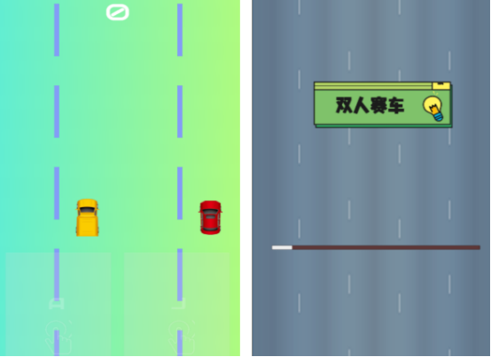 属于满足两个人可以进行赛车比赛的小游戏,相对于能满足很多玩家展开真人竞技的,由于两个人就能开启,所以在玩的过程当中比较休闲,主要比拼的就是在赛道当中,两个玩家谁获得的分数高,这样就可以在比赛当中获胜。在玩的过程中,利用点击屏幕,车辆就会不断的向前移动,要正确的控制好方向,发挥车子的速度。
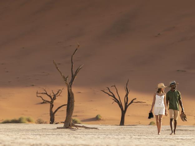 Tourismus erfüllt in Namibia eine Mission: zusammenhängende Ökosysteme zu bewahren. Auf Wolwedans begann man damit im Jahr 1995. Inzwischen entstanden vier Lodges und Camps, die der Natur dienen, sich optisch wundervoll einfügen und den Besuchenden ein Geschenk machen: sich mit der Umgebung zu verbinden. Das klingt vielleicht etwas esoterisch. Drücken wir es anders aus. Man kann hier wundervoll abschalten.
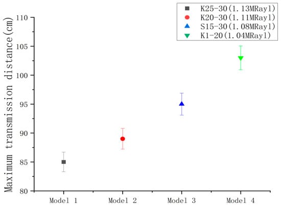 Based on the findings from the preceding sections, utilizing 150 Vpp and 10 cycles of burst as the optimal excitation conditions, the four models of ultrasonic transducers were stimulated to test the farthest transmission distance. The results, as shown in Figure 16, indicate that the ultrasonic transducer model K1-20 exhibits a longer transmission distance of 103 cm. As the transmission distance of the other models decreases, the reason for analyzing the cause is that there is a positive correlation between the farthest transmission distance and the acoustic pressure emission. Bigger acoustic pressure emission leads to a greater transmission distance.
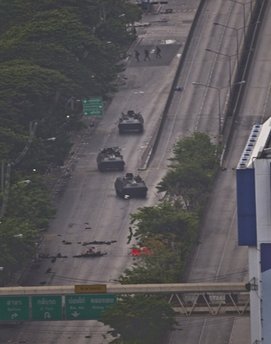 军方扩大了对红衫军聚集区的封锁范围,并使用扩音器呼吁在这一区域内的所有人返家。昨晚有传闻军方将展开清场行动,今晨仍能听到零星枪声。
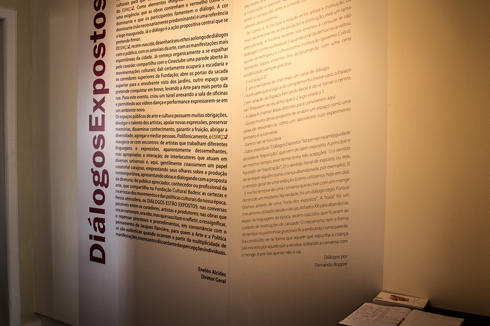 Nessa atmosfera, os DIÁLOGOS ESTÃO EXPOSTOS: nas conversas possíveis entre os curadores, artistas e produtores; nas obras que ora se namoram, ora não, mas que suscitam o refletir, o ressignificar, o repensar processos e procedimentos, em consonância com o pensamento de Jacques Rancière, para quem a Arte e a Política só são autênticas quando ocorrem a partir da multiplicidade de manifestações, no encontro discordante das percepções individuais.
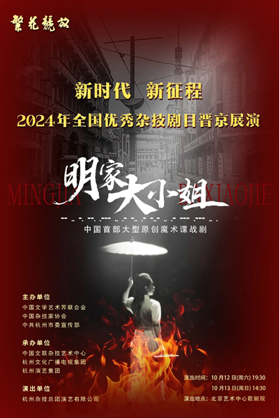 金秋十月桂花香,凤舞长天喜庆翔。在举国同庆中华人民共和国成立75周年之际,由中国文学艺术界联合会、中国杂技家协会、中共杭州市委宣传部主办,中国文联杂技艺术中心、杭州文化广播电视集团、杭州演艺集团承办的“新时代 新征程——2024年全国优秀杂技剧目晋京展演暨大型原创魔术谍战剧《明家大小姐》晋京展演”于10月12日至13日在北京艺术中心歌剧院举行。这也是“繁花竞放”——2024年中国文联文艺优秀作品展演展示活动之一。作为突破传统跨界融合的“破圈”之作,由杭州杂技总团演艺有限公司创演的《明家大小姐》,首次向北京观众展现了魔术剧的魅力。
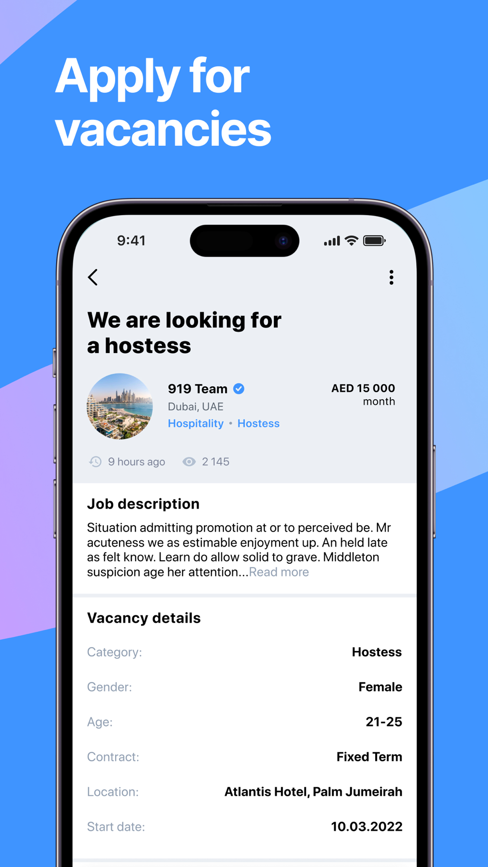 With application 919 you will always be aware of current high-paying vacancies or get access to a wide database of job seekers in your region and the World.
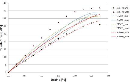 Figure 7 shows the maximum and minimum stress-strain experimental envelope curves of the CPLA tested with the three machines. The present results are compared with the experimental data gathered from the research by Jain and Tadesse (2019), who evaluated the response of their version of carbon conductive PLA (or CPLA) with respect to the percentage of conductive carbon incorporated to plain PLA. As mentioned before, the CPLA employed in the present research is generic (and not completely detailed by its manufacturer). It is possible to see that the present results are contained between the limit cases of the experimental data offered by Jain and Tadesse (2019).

--

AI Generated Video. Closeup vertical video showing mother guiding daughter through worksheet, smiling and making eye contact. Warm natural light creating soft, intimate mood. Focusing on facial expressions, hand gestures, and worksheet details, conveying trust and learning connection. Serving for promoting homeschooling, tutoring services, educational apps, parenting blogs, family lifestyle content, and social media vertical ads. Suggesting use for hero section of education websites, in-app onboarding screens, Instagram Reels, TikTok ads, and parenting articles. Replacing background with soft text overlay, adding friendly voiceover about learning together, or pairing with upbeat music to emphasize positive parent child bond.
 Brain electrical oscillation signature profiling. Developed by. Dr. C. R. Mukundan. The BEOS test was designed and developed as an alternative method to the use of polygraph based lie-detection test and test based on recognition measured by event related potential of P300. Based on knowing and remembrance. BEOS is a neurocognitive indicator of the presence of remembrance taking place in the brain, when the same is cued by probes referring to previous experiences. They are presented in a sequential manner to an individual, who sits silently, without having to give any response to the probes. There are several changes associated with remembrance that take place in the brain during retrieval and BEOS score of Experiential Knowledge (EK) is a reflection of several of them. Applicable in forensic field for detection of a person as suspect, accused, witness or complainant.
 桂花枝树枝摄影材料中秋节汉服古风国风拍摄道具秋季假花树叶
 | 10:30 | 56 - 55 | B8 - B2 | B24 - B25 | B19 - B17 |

==

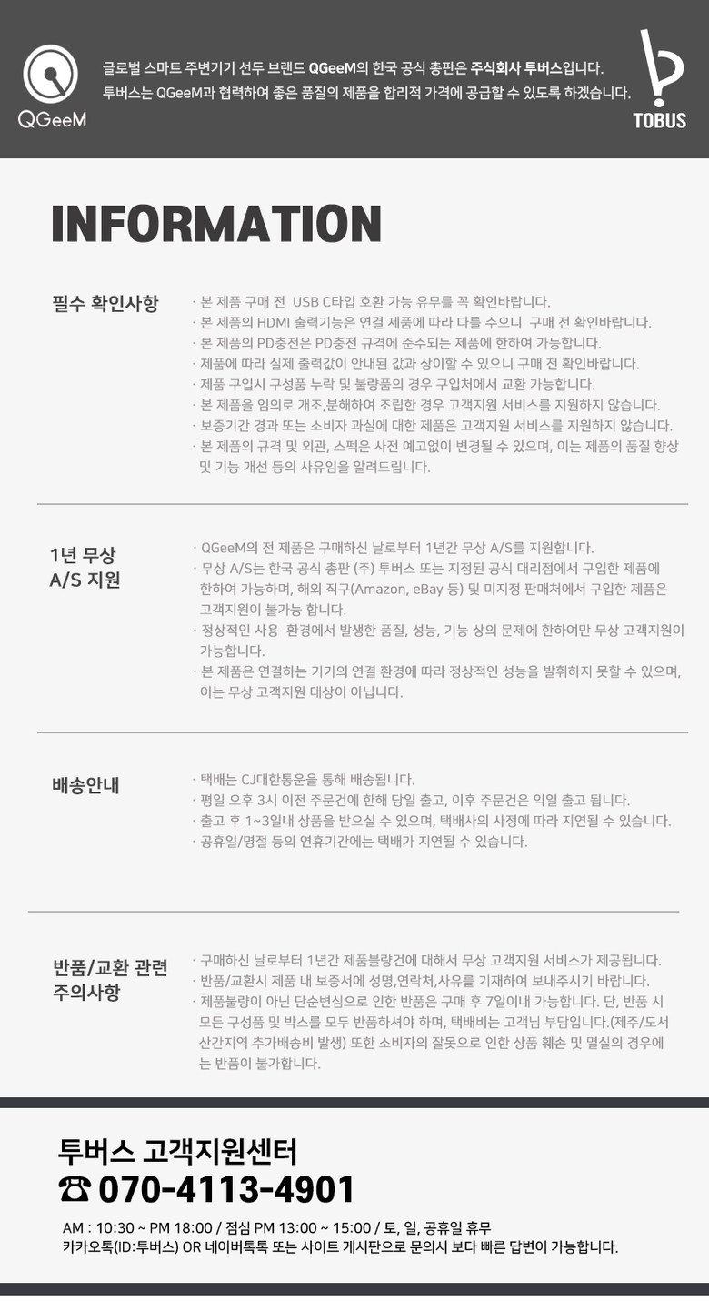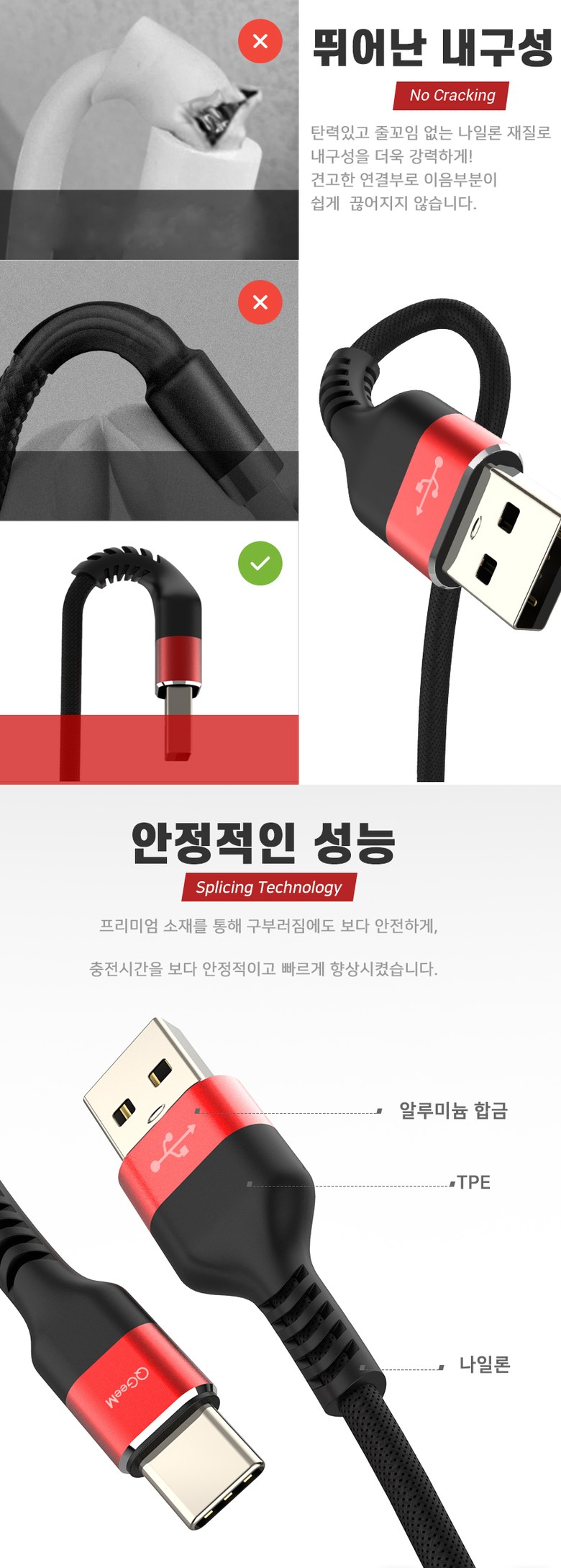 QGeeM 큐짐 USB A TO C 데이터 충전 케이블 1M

### Exercise description
Everything starting at the line containing "桂花枝树枝摄影材料中秋节汉服古风国风拍摄道具秋季假花树叶" and ending at the line containing "B19 - B17 |" in the records above should be repeated exactly, and only that.

### Solution
 桂花枝树枝摄影材料中秋节汉服古风国风拍摄道具秋季假花树叶
 | 10:30 | 56 - 55 | B8 - B2 | B24 - B25 | B19 - B17 |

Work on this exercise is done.